### Goal of the exercise
Please return the data that follows precisely as written, but without the images.

Supplied information Start Marker

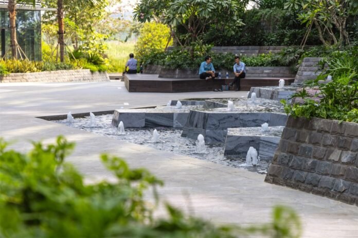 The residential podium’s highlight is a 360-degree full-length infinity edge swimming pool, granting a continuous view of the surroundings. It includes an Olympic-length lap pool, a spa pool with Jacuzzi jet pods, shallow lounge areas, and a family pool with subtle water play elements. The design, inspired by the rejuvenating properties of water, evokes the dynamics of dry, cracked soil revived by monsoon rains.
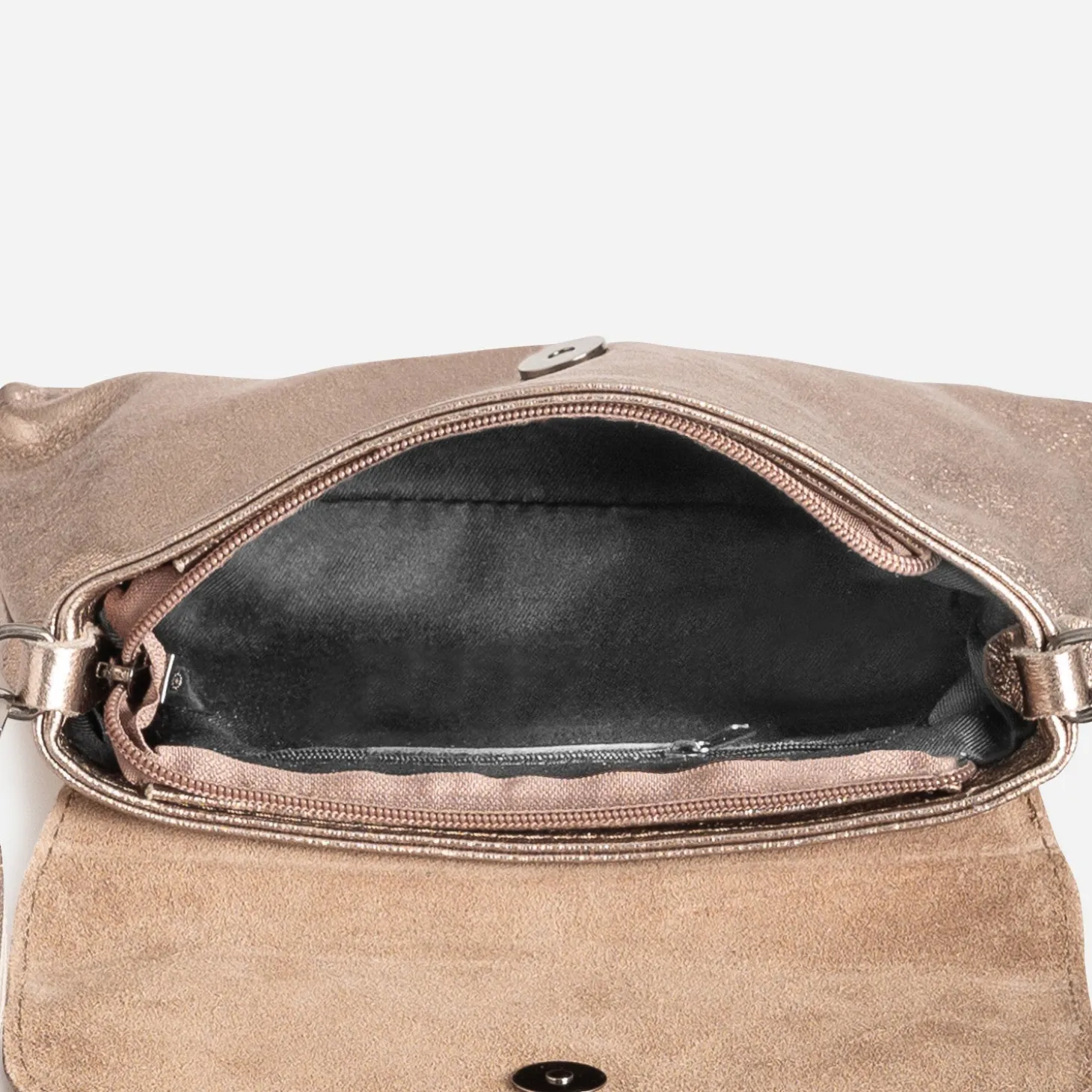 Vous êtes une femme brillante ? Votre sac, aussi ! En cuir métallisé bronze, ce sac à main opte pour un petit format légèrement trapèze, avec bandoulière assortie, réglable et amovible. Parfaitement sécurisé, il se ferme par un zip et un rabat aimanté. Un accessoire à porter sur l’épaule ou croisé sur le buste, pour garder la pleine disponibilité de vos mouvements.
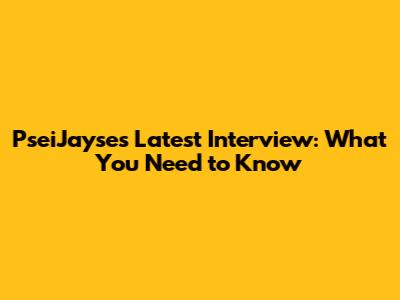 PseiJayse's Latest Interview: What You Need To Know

Supplied information End Marker

### Written answer
 The residential podium’s highlight is a 360-degree full-length infinity edge swimming pool, granting a continuous view of the surroundings. It includes an Olympic-length lap pool, a spa pool with Jacuzzi jet pods, shallow lounge areas, and a family pool with subtle water play elements. The design, inspired by the rejuvenating properties of water, evokes the dynamics of dry, cracked soil revived by monsoon rains.
 Vous êtes une femme brillante ? Votre sac, aussi ! En cuir métallisé bronze, ce sac à main opte pour un petit format légèrement trapèze, avec bandoulière assortie, réglable et amovible. Parfaitement sécurisé, il se ferme par un zip et un rabat aimanté. Un accessoire à porter sur l’épaule ou croisé sur le buste, pour garder la pleine disponibilité de vos mouvements.
 PseiJayse's Latest Interview: What You Need To Know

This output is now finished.